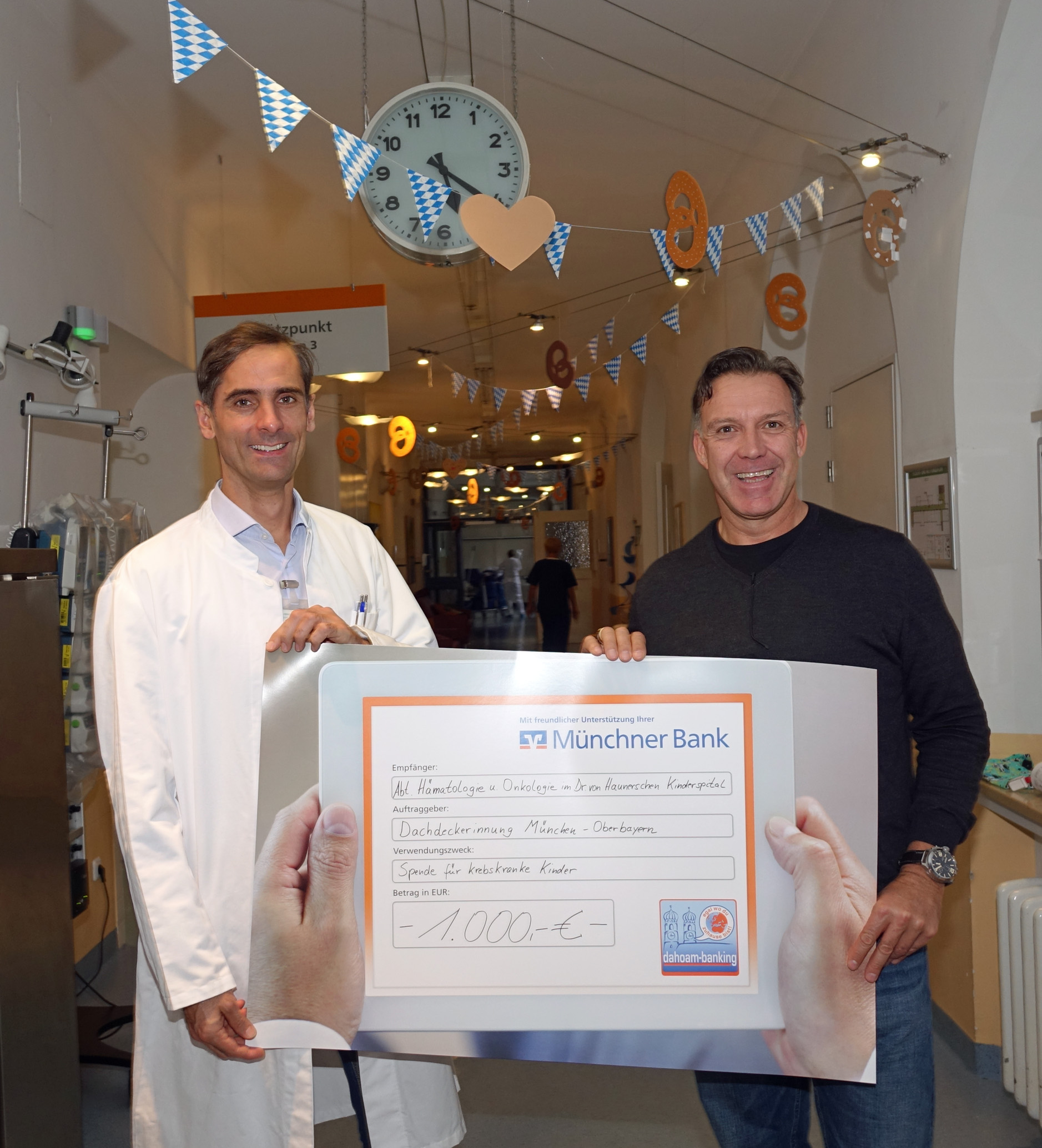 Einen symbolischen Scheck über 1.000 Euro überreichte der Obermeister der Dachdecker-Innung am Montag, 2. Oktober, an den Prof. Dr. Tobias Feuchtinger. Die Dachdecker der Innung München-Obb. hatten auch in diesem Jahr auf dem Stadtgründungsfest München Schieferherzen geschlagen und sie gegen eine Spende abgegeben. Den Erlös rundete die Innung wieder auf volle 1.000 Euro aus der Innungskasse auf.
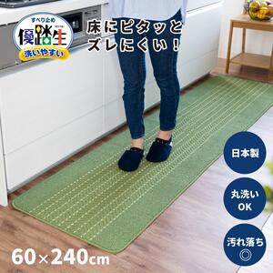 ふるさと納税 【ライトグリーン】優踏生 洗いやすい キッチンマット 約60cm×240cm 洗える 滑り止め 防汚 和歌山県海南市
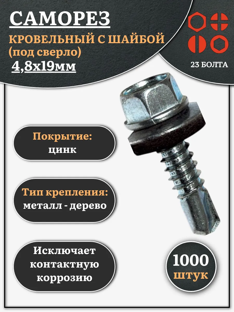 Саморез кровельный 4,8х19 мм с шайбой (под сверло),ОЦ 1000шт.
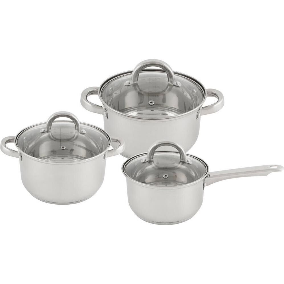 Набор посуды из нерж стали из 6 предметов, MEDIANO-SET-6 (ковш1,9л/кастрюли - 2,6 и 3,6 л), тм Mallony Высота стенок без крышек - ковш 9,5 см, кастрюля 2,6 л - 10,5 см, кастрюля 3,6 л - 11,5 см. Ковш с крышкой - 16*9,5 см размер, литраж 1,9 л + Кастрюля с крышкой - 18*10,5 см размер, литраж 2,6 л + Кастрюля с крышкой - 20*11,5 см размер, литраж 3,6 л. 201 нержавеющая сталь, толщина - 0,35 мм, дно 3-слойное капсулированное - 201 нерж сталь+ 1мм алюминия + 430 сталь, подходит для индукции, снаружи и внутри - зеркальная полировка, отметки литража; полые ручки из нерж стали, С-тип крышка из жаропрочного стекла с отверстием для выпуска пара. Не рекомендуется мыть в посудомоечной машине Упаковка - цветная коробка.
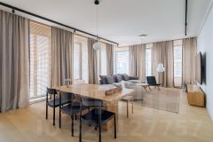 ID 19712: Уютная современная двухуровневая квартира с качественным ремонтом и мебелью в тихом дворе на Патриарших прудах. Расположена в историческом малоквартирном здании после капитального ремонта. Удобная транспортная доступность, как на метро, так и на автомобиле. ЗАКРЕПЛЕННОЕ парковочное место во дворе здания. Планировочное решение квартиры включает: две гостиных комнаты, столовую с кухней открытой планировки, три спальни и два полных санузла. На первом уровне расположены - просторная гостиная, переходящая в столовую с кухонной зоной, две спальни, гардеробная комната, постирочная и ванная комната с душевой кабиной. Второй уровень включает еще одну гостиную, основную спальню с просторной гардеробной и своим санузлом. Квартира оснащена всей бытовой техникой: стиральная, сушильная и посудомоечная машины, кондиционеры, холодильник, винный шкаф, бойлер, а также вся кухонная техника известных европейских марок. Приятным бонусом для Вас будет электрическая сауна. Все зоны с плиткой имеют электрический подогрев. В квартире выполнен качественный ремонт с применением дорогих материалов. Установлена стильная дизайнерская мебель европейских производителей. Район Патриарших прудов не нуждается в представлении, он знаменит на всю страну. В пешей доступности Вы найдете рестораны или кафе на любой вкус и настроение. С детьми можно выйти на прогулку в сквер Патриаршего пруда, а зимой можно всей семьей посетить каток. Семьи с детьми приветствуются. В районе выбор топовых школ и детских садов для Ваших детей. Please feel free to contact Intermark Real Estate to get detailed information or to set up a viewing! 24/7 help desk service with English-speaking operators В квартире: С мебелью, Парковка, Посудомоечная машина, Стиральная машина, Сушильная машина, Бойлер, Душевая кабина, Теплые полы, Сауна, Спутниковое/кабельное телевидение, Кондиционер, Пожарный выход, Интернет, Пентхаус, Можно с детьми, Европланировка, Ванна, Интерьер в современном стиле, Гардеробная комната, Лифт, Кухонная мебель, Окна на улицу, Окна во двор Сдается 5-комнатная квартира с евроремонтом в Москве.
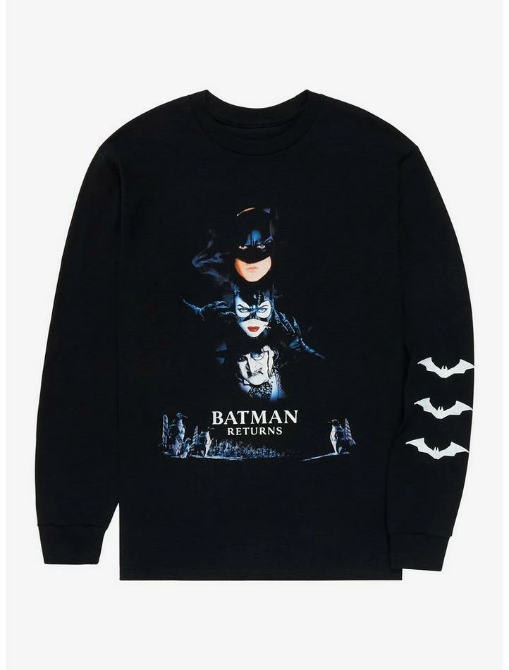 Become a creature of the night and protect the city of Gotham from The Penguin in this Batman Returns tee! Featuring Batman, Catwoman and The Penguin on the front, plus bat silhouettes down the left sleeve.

··········

Images in the records must not be repeated; everything else should be returned exactly.

• Written response
 Einen symbolischen Scheck über 1.000 Euro überreichte der Obermeister der Dachdecker-Innung am Montag, 2. Oktober, an den Prof. Dr. Tobias Feuchtinger. Die Dachdecker der Innung München-Obb. hatten auch in diesem Jahr auf dem Stadtgründungsfest München Schieferherzen geschlagen und sie gegen eine Spende abgegeben. Den Erlös rundete die Innung wieder auf volle 1.000 Euro aus der Innungskasse auf.
 ふるさと納税 【ライトグリーン】優踏生 洗いやすい キッチンマット 約60cm×240cm 洗える 滑り止め 防汚 和歌山県海南市
 Саморез кровельный 4,8х19 мм с шайбой (под сверло),ОЦ 1000шт.
 Набор посуды из нерж стали из 6 предметов, MEDIANO-SET-6 (ковш1,9л/кастрюли - 2,6 и 3,6 л), тм Mallony Высота стенок без крышек - ковш 9,5 см, кастрюля 2,6 л - 10,5 см, кастрюля 3,6 л - 11,5 см. Ковш с крышкой - 16*9,5 см размер, литраж 1,9 л + Кастрюля с крышкой - 18*10,5 см размер, литраж 2,6 л + Кастрюля с крышкой - 20*11,5 см размер, литраж 3,6 л. 201 нержавеющая сталь, толщина - 0,35 мм, дно 3-слойное капсулированное - 201 нерж сталь+ 1мм алюминия + 430 сталь, подходит для индукции, снаружи и внутри - зеркальная полировка, отметки литража; полые ручки из нерж стали, С-тип крышка из жаропрочного стекла с отверстием для выпуска пара. Не рекомендуется мыть в посудомоечной машине Упаковка - цветная коробка.
 ID 19712: Уютная современная двухуровневая квартира с качественным ремонтом и мебелью в тихом дворе на Патриарших прудах. Расположена в историческом малоквартирном здании после капитального ремонта. Удобная транспортная доступность, как на метро, так и на автомобиле. ЗАКРЕПЛЕННОЕ парковочное место во дворе здания. Планировочное решение квартиры включает: две гостиных комнаты, столовую с кухней открытой планировки, три спальни и два полных санузла. На первом уровне расположены - просторная гостиная, переходящая в столовую с кухонной зоной, две спальни, гардеробная комната, постирочная и ванная комната с душевой кабиной. Второй уровень включает еще одну гостиную, основную спальню с просторной гардеробной и своим санузлом. Квартира оснащена всей бытовой техникой: стиральная, сушильная и посудомоечная машины, кондиционеры, холодильник, винный шкаф, бойлер, а также вся кухонная техника известных европейских марок. Приятным бонусом для Вас будет электрическая сауна. Все зоны с плиткой имеют электрический подогрев. В квартире выполнен качественный ремонт с применением дорогих материалов. Установлена стильная дизайнерская мебель европейских производителей. Район Патриарших прудов не нуждается в представлении, он знаменит на всю страну. В пешей доступности Вы найдете рестораны или кафе на любой вкус и настроение. С детьми можно выйти на прогулку в сквер Патриаршего пруда, а зимой можно всей семьей посетить каток. Семьи с детьми приветствуются. В районе выбор топовых школ и детских садов для Ваших детей. Please feel free to contact Intermark Real Estate to get detailed information or to set up a viewing! 24/7 help desk service with English-speaking operators В квартире: С мебелью, Парковка, Посудомоечная машина, Стиральная машина, Сушильная машина, Бойлер, Душевая кабина, Теплые полы, Сауна, Спутниковое/кабельное телевидение, Кондиционер, Пожарный выход, Интернет, Пентхаус, Можно с детьми, Европланировка, Ванна, Интерьер в современном стиле, Гардеробная комната, Лифт, Кухонная мебель, Окна на улицу, Окна во двор Сдается 5-комнатная квартира с евроремонтом в Москве.
 Become a creature of the night and protect the city of Gotham from The Penguin in this Batman Returns tee! Featuring Batman, Catwoman and The Penguin on the front, plus bat silhouettes down the left sleeve.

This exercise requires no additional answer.